With a higher market cap and a rising stock price came ambitions to expand the footprint.
Acquisitions followed.
The idea was to accelerate with built products that we would integrate into our ecosystem.
All those companies kept operating as independent entities. The technology was not integrated — at best, it was bolted on. Experiences overlapped.
Designers were unaware that they compounded the problem with every duplicative shipped feature.
The Problem
“This is not a Docusign product.”
Customers of the “other” products regularly walked away from renewal, telling us we sold them on an experience we did not deliver.
They weren't wrong.They expected everything to be as simple and lovable as the signing moment.
Leadership circled this problem, coming up with strategy after strategy to compel teams to build towards each other instead of away.
I could see a clear path to those integrations and kept hammering at the problems. It was the ultimate agile, de-siloing, collaborative challenge.
But the eSign team, in particular, dug in. They were not going to integrate a single new thing into a teetering, crumbling tech stack. Every time I needed cooperation from the eSign team, it was stiff-armed or begrudgingly given.
Even design leaders said “but do we really need this? we’re an eSignature company.”
C-suite leaders seemed both blissfully unaware and monumentally frustrated. They asked design to come up with versions and visions and designs that showed where we were headed.
Designers were jaded, burning out, and started resisting vision work in any form.
The Stakes
“eSign simply isn’t enough.”
The future of Docusign was up for grabs. eSign’s resistance to change and leaving tech debt in place had not paid off.
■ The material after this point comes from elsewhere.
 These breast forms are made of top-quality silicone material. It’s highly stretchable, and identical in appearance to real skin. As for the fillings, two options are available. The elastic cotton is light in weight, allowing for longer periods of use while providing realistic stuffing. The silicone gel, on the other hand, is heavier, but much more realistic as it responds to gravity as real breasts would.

Our new CEO tried to sell to Microsoft, Google and Bain, who all walked away.
What would happen next? Liquidation of product lines, massive layoffs, and a contraction down to a size that made us a more appealing acquisition.
That is, unless we moved fast to build out a real, sellable platform that met customer needs and expectations.
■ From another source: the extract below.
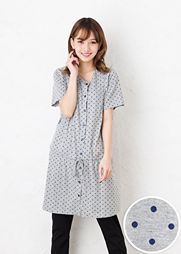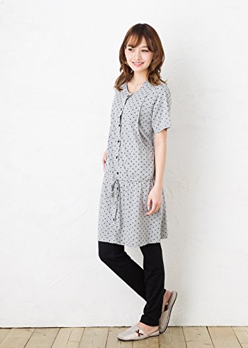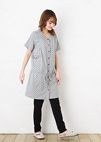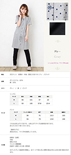 半袖マタニティ パジャマ 春夏~夏〜夏秋 竺先ドット(水玉)柄マタニティパジャマ 半袖 授乳パジャマ/マタニティ パジャマ 前開き 入院用にもオススメ/ ドット授乳口付き・半袖・ロング丈 (L, グレー)

We knew what customers wanted. Now it was time to stop resisting and start doing.
The Ask
Our first Chief Product Officer asked our new VP of Product Experience to create a feasible vision of what a “unified” Docusign could be.
He, in turn, came to me to ask my team to take this on. My team hailed from every product line and knew everything, “where all the bodies are buried,” a morbid metaphor we use in companies to signal we have a LOT of experience and tech debt.
We needed to pull together every major product line plus the vision for how AI would integrate so that the CPO could take it to the CEO to get the work funded.
I was pumped! The VP had come to the right team, and my colleagues had pointed him in our direction.
We would be part of setting the new direction. Being attached to this work should protect us from layoffs.
My team was … not.
The Oh No
My team wanted no part of it.
Vision work done in isolation, only to be shelved as quickly as the previous vision work? Not validated with customers?
No thank you.
Wait, what?
I saw their point — but they were misreading the situation. Also, they were acting just like the eSign team! The behavior they’d been complaining to me about for a year.
I knew we were in burnout. I didn’t know it was so bad they would refuse work from the CPO —knowing that layoffs were always lurking in the background.
How would I turn this ship around?
I considered saying look, you don’t have a choice and simply using my authority, but I am not a command and control leaders.
Instead, I asked them what they would need to put their energy into the work.
The Aha
What did I do? I wrote a really good brief.
Honestly, I didn’t think it would work.
My team wanted to know exactly what was needed and what it would be used for, which is what I delivered.
I also worked with my research partner to plan on how we could use her brand new customer pane for prototyping, co-designing, and validation.
My team got to work. And wow, did they understand the assignment. Our early work amazed the CPO. We only needed one iteration. Even other design teams were buying in, slowly.
We finished, he presented, and the CEO funded the change.